"""

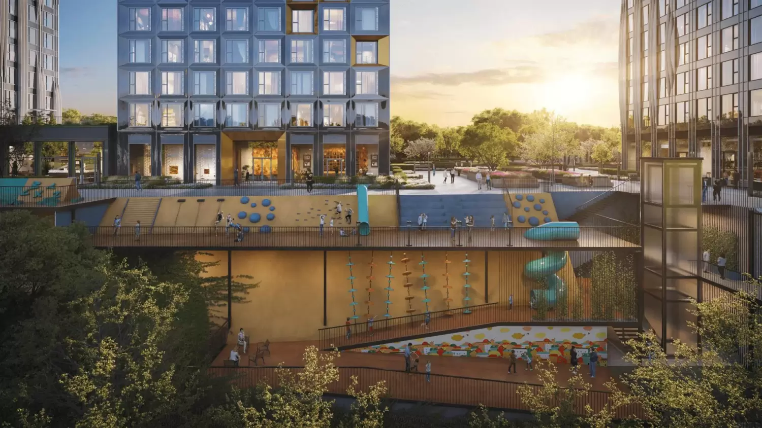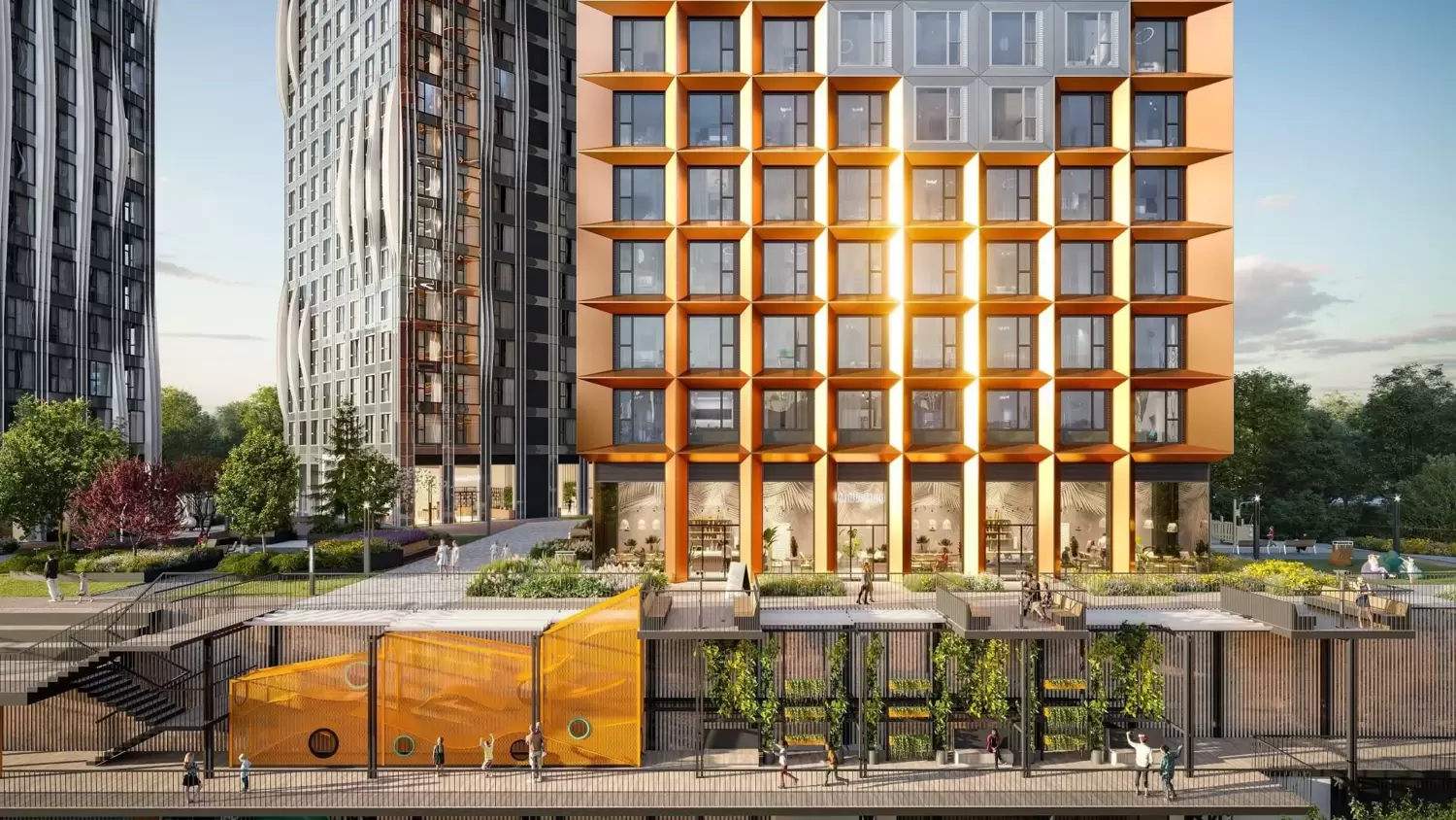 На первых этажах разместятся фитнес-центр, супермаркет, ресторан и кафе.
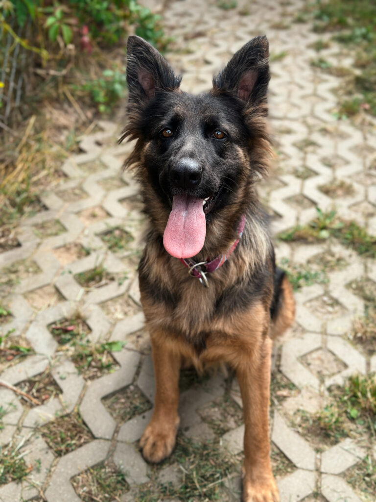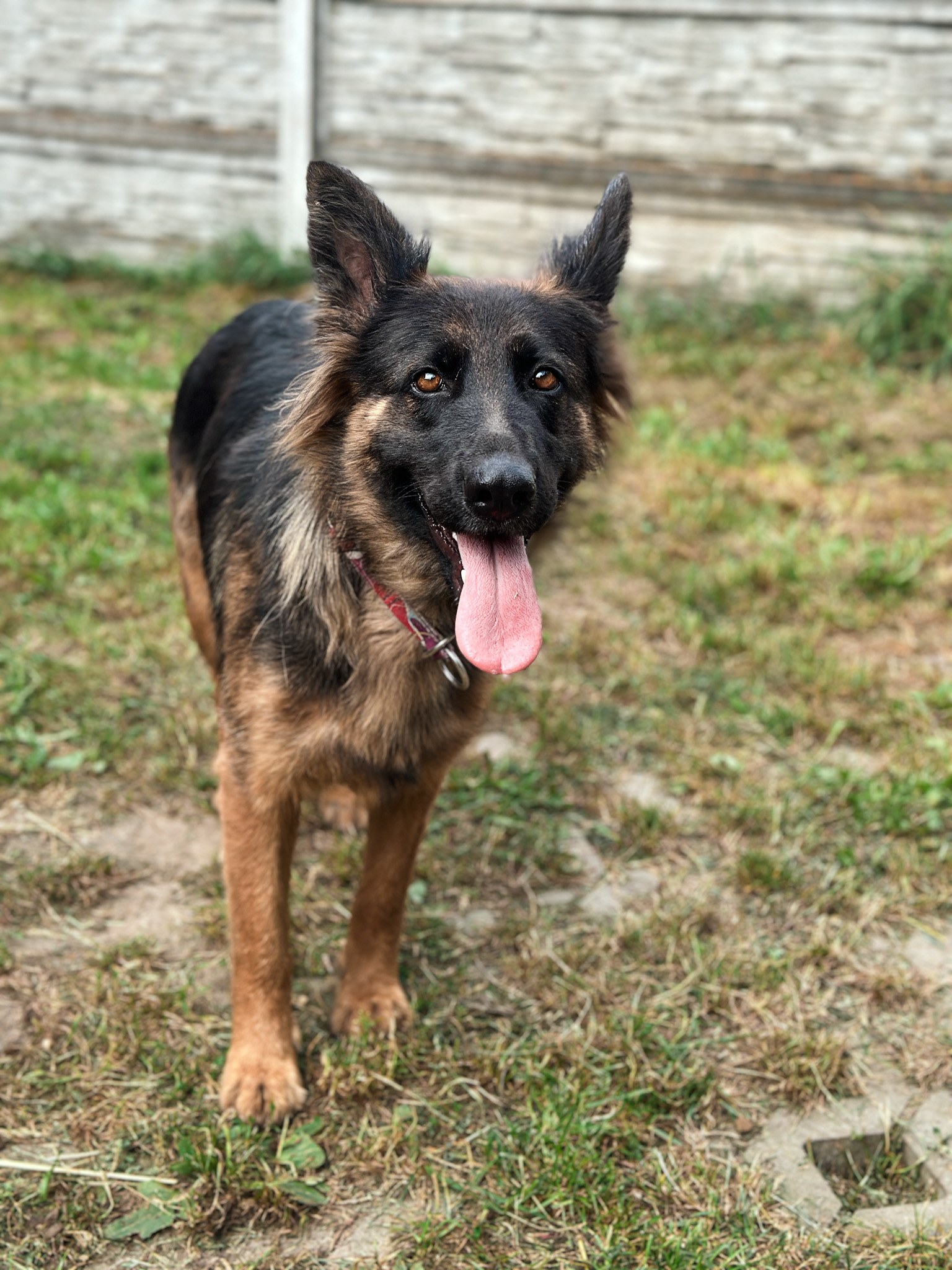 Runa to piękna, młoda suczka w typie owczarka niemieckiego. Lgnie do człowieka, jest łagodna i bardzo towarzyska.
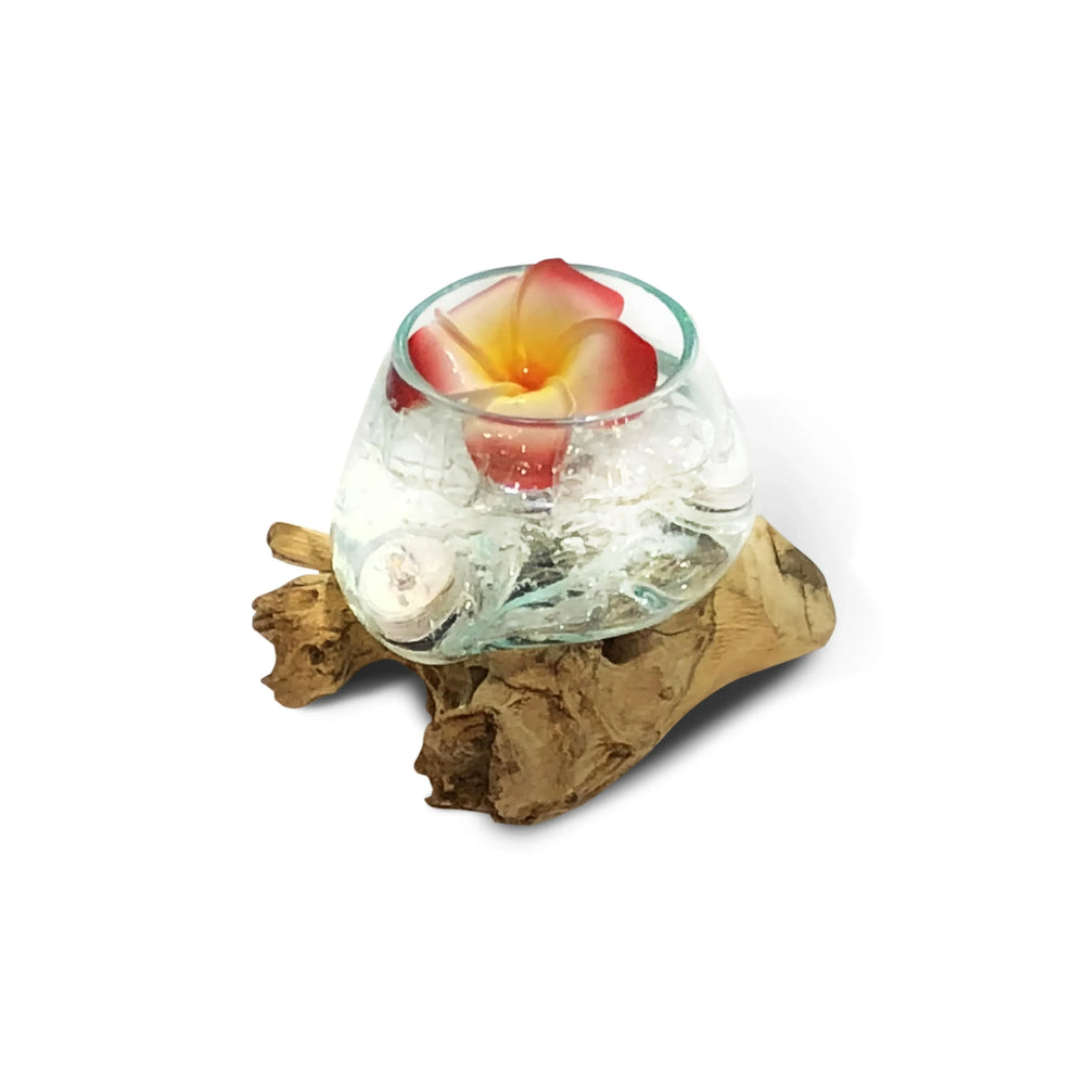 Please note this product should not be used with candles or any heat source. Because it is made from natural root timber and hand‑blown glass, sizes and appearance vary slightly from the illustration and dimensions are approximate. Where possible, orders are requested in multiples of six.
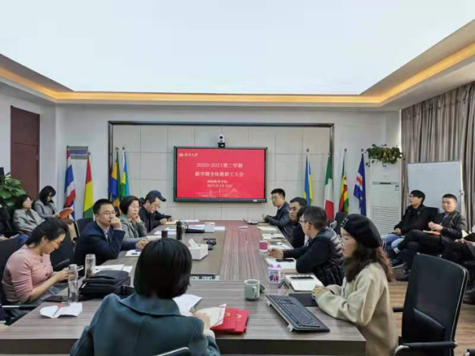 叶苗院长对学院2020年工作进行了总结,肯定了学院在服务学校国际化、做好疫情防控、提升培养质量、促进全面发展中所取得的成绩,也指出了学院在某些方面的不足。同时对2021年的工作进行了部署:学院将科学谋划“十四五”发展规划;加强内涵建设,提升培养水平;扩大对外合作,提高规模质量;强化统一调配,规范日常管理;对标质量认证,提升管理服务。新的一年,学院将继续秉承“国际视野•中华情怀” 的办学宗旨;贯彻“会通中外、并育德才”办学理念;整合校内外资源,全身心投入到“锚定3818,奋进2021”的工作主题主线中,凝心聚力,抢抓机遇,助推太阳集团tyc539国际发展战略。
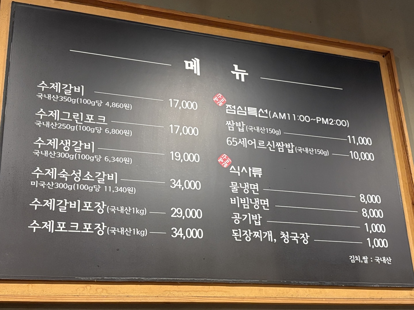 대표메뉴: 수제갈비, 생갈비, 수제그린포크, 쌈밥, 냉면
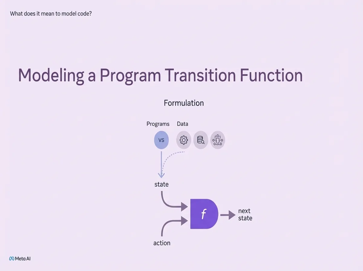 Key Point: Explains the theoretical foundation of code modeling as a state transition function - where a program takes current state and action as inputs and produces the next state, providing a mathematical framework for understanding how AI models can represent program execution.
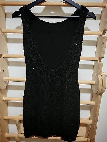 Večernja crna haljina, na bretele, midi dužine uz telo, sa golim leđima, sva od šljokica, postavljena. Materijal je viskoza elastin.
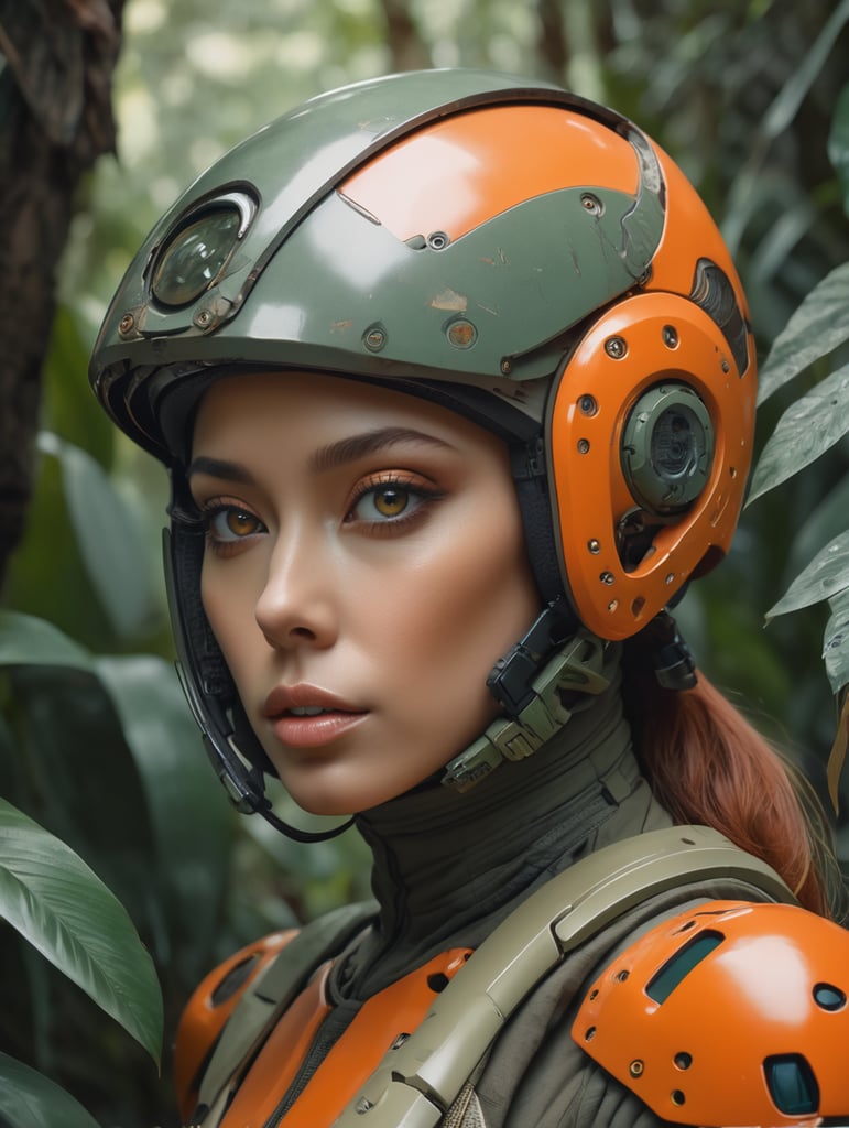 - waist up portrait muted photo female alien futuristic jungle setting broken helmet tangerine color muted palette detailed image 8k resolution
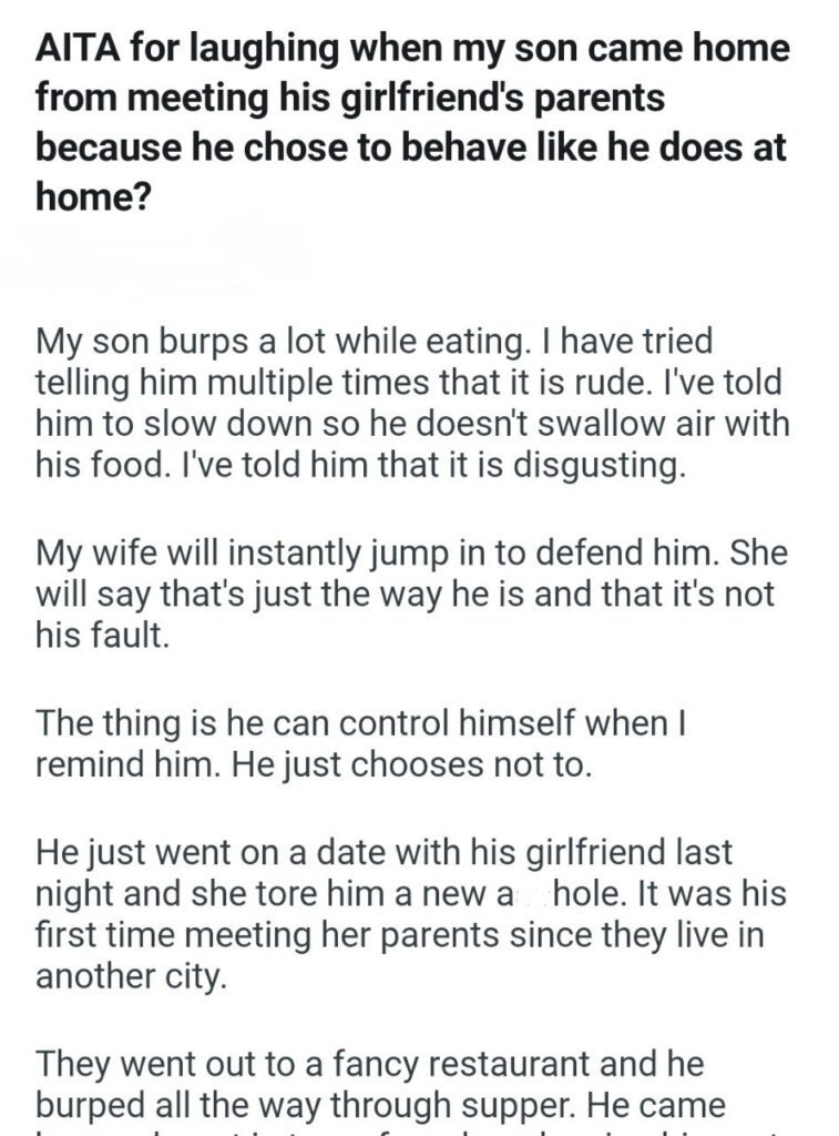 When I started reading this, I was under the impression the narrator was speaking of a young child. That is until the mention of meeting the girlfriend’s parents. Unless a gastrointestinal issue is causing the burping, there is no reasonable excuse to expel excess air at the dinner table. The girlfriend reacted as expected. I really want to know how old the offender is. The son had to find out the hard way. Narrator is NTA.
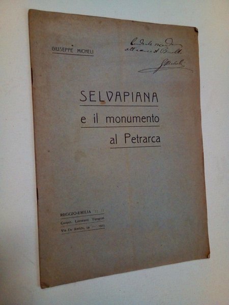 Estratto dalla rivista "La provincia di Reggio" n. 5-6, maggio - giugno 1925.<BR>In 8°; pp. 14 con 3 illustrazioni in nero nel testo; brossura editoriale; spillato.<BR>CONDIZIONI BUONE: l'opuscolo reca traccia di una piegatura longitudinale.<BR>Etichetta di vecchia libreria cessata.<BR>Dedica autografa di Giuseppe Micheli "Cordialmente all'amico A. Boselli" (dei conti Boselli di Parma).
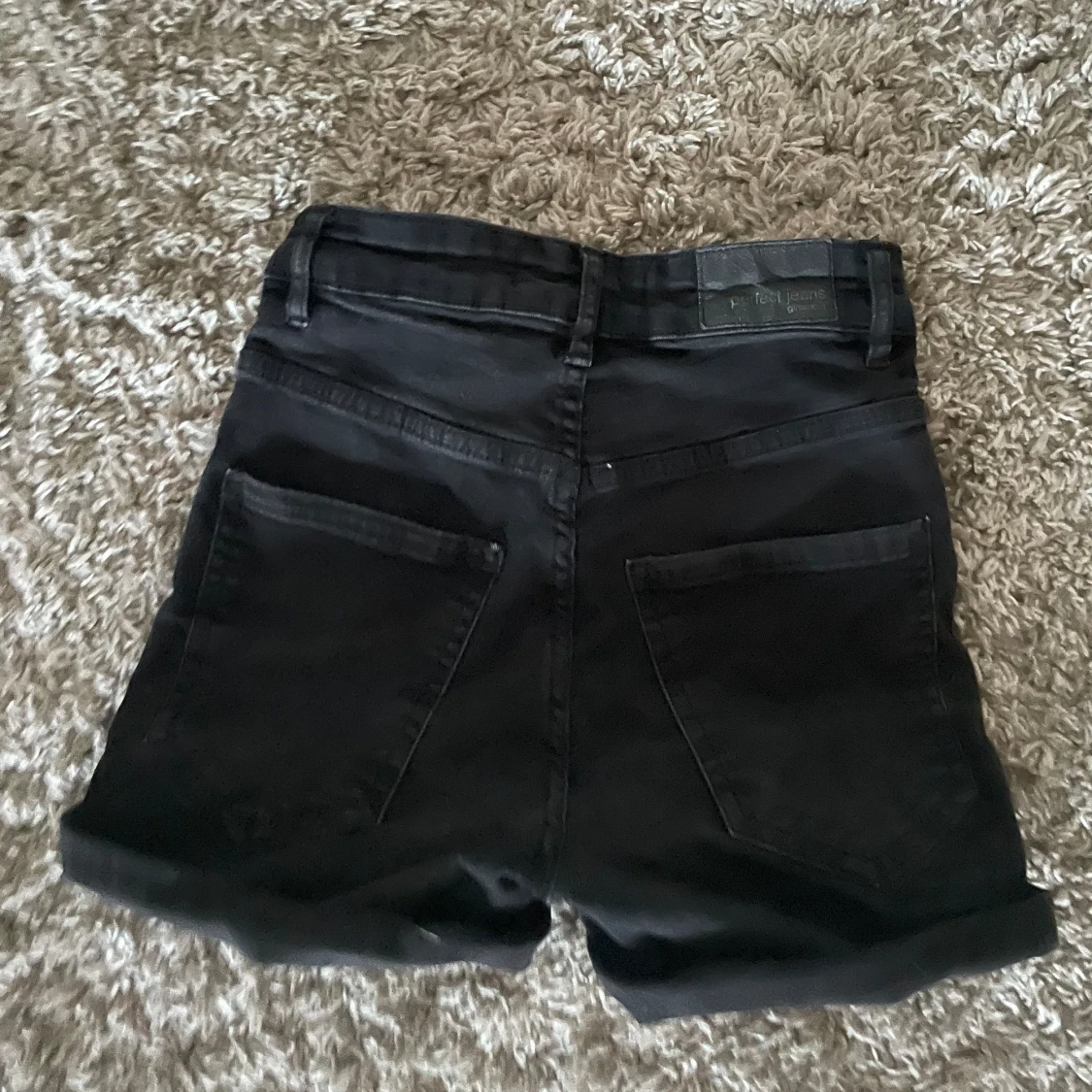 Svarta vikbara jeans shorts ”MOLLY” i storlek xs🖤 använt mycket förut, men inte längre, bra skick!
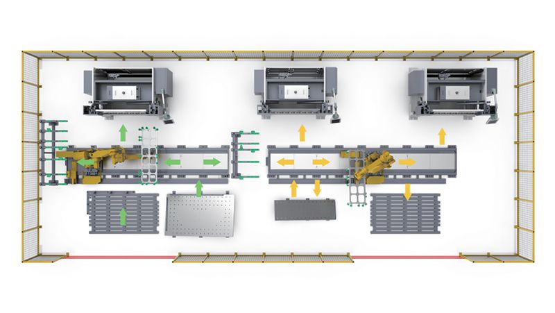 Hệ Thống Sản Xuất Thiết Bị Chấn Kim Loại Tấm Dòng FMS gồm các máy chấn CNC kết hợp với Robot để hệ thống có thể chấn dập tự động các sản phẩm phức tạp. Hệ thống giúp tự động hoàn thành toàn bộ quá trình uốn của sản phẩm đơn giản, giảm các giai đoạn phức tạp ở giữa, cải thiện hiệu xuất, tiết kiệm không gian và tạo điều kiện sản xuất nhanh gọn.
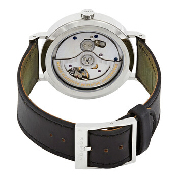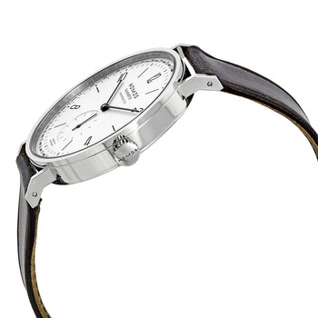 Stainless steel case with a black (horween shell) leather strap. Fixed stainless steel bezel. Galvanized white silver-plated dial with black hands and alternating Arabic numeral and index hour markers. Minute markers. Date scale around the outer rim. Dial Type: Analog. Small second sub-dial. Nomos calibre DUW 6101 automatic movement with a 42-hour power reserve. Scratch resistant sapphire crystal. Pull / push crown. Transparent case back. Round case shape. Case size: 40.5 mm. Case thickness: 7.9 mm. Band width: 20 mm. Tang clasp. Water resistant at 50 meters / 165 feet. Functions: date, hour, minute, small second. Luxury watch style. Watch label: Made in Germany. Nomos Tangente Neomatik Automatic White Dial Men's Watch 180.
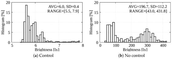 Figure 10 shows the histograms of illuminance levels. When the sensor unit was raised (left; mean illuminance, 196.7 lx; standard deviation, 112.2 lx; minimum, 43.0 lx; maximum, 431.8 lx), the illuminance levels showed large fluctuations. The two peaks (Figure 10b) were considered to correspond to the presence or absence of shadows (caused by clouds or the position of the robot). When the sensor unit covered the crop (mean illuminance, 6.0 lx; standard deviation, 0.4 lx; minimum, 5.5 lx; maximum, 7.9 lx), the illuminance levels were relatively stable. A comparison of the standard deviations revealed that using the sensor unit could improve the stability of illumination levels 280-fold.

"""

The problem -> In the material above, one part opens with the line containing "Svarta vikbara jeans" and closes with the line containing "Stainless steel case". Write out that part exactly and skip its pictures.

Expected answer ->
 Svarta vikbara jeans shorts ”MOLLY” i storlek xs🖤 använt mycket förut, men inte längre, bra skick!
 Hệ Thống Sản Xuất Thiết Bị Chấn Kim Loại Tấm Dòng FMS gồm các máy chấn CNC kết hợp với Robot để hệ thống có thể chấn dập tự động các sản phẩm phức tạp. Hệ thống giúp tự động hoàn thành toàn bộ quá trình uốn của sản phẩm đơn giản, giảm các giai đoạn phức tạp ở giữa, cải thiện hiệu xuất, tiết kiệm không gian và tạo điều kiện sản xuất nhanh gọn.
 Stainless steel case with a black (horween shell) leather strap. Fixed stainless steel bezel. Galvanized white silver-plated dial with black hands and alternating Arabic numeral and index hour markers. Minute markers. Date scale around the outer rim. Dial Type: Analog. Small second sub-dial. Nomos calibre DUW 6101 automatic movement with a 42-hour power reserve. Scratch resistant sapphire crystal. Pull / push crown. Transparent case back. Round case shape. Case size: 40.5 mm. Case thickness: 7.9 mm. Band width: 20 mm. Tang clasp. Water resistant at 50 meters / 165 feet. Functions: date, hour, minute, small second. Luxury watch style. Watch label: Made in Germany. Nomos Tangente Neomatik Automatic White Dial Men's Watch 180.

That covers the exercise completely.